Task to complete ▸ The line containing "暑さ厳しい真夏の釣行は、涼し" and every line after it, through the end of the material: copy these exactly and nothing else, leaving pictures out.

The records ▸
________________________________________
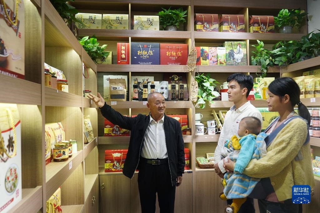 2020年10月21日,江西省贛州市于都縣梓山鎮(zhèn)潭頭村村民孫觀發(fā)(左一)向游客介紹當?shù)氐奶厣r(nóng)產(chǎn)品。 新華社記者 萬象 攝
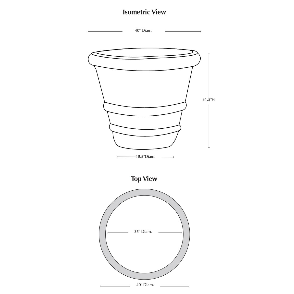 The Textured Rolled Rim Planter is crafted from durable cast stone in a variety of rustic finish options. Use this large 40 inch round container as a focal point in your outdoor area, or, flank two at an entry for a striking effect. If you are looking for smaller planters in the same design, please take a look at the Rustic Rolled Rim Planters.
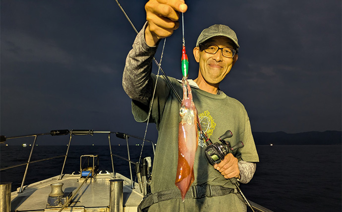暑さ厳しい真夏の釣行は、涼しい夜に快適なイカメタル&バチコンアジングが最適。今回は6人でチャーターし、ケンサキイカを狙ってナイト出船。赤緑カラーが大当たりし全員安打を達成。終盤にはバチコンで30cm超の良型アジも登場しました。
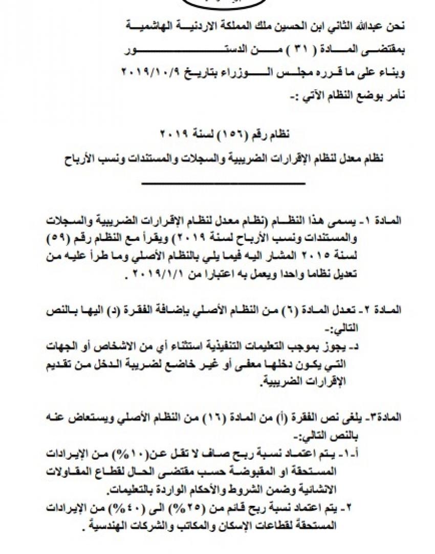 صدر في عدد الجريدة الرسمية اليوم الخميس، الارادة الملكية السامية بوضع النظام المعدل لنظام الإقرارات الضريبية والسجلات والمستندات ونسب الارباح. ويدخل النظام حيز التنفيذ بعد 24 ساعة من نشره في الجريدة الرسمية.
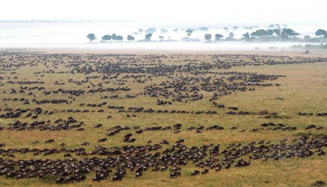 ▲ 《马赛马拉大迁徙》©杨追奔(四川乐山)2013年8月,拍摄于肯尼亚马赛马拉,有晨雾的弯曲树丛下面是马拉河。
________________________________________
Answer box ▸
暑さ厳しい真夏の釣行は、涼しい夜に快適なイカメタル&バチコンアジングが最適。今回は6人でチャーターし、ケンサキイカを狙ってナイト出船。赤緑カラーが大当たりし全員安打を達成。終盤にはバチコンで30cm超の良型アジも登場しました。
 صدر في عدد الجريدة الرسمية اليوم الخميس، الارادة الملكية السامية بوضع النظام المعدل لنظام الإقرارات الضريبية والسجلات والمستندات ونسب الارباح. ويدخل النظام حيز التنفيذ بعد 24 ساعة من نشره في الجريدة الرسمية.
 ▲ 《马赛马拉大迁徙》©杨追奔(四川乐山)2013年8月,拍摄于肯尼亚马赛马拉,有晨雾的弯曲树丛下面是马拉河。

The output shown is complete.